At other times, when my self-pity is at bay, I have so much joy and contentment.  I vividly remember my first Mother’s Day with my oldest daughter.  I recall opening the gift she and her dad had given me, an orange-flowered nightgown and robe.  We had a late big breakfast and later napped together on the couch.  I will always remember that feeling and have since had many, many lovely days with my girls.  I am amazed and proud and grateful to be a mother.

But, sometimes at the end of my Mother’s Day, I am suddenly taken aback.  I forgot her, I scold.  I forgot to remember that I am motherless.

I wish I could hire an investigator to find her, like the television show, Long Lost Family.  I fantasize that someone would locate her and we would have a wonderful reunion.  But alas, all inquiries stop short for the dead.

“Come on,” you may say, “It’s time to get over it…let her go.”  The reality is, this is “me” after more than sixty years of letting go.  I had no choice, except to do so, and now I can honestly say I feel contentment and even happiness despite the fact of her vacancy.  But, still….I miss her.  I miss not having a mother.  I feel cheated sometimes.
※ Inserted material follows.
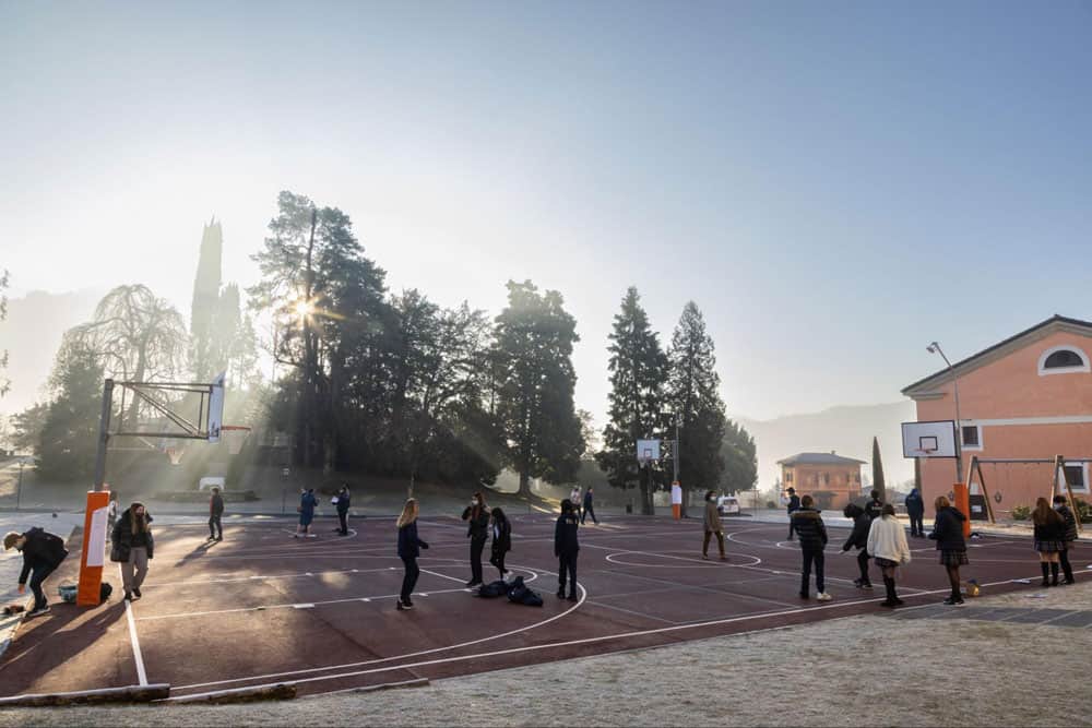 Modern school basketball court at World Schools campus with students playing sports early morning.
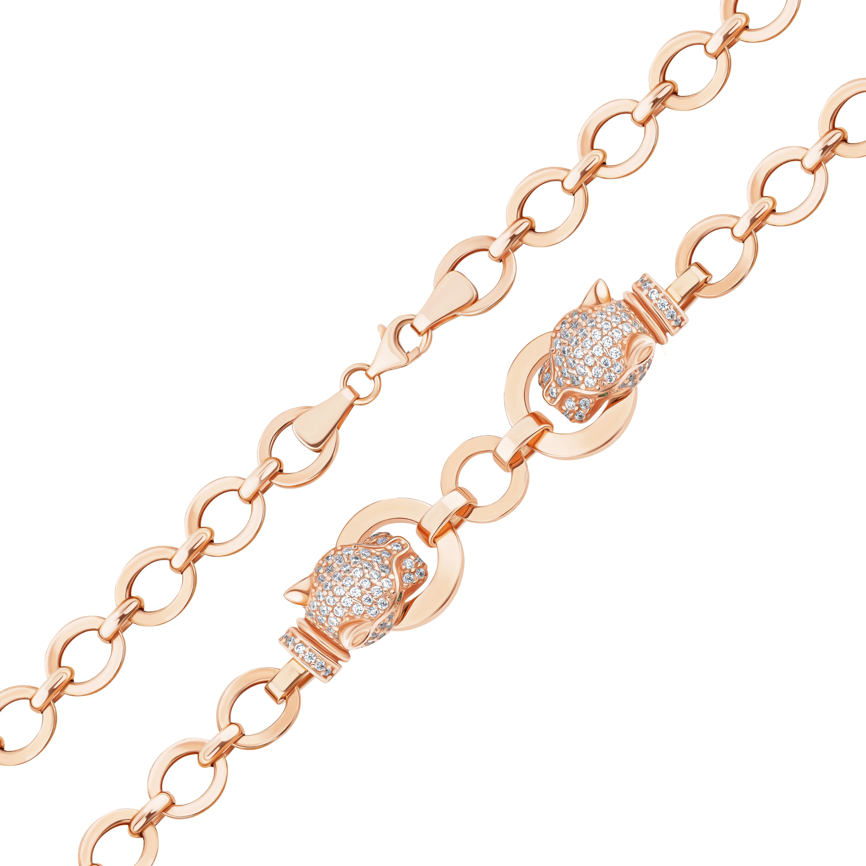 Браслет из красного золота с россыпью фианитов "Пантера" плетение якорь - 1976649

Every year I make a decision to celebrate Mother’s Day.  I do so by honoring her memory and acknowledging there is a glorious piece of her in me and in my girls.  She is with me, I know.

Abraham Lincoln once said: “I remember my mother’s prayers and they have always followed me.  They have clung to me all of my life.”  I certainly believe this to be true.  I may not remember my mother’s prayers, but I know she breathed them as she said her goodbyes; I know she whispered into God’s ear to especially watch over my brother and me.  I have felt her prayers all of my life.
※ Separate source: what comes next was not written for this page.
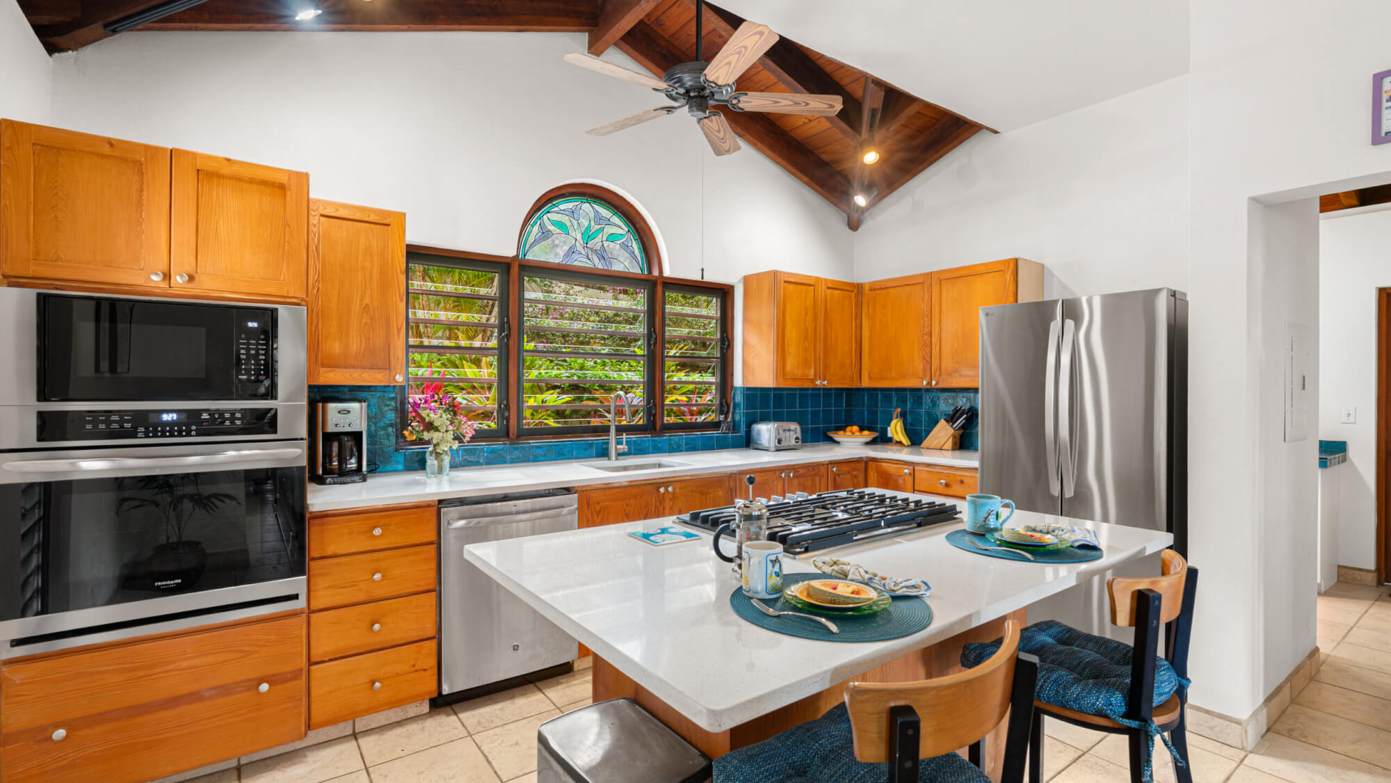 - Stained-glass arched window, hand-crafted by a local artist, adds a beautiful touch to the dining area.

Mother’s Day is unique for everyone.  Many of us honor the memory of our mothers.  Some of us are fortunate enough to have our mothers nearby and able to celebrate a day and a lifetime of love.

However this Mother’s Day looks for you, I pray that there are peaceful, loving thoughts and heart connections.  I encourage you to be the last to let go of a long, tight hug.  Whether your celebration is lavish and boisterous, or a quiet, respectful chat at the grave site, I applaud you.  Happy Mother’s Day to all mother’s everywhere.